Provided data section start

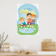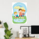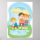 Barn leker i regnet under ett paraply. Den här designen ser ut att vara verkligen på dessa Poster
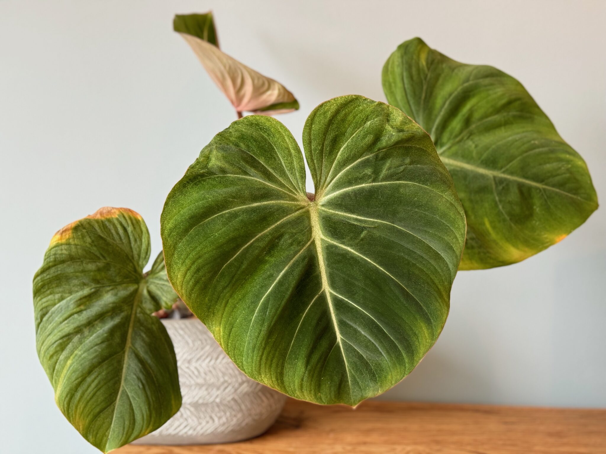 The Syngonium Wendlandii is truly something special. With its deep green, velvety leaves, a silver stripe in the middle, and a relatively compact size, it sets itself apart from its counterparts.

Provided data section end
Provided data section start

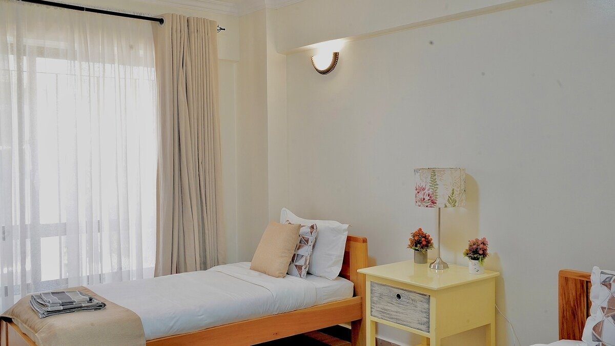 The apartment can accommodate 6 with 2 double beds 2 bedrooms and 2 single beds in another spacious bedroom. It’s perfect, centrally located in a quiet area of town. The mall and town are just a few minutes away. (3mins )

Provided data section end

About this exercise: From the line with "Barn leker i" up to and including the line with "The Syngonium Wendlandii" above, retype every line exactly and nothing more; leave out the pictures.

Solution for this problem:
 Barn leker i regnet under ett paraply. Den här designen ser ut att vara verkligen på dessa Poster
 The Syngonium Wendlandii is truly something special. With its deep green, velvety leaves, a silver stripe in the middle, and a relatively compact size, it sets itself apart from its counterparts.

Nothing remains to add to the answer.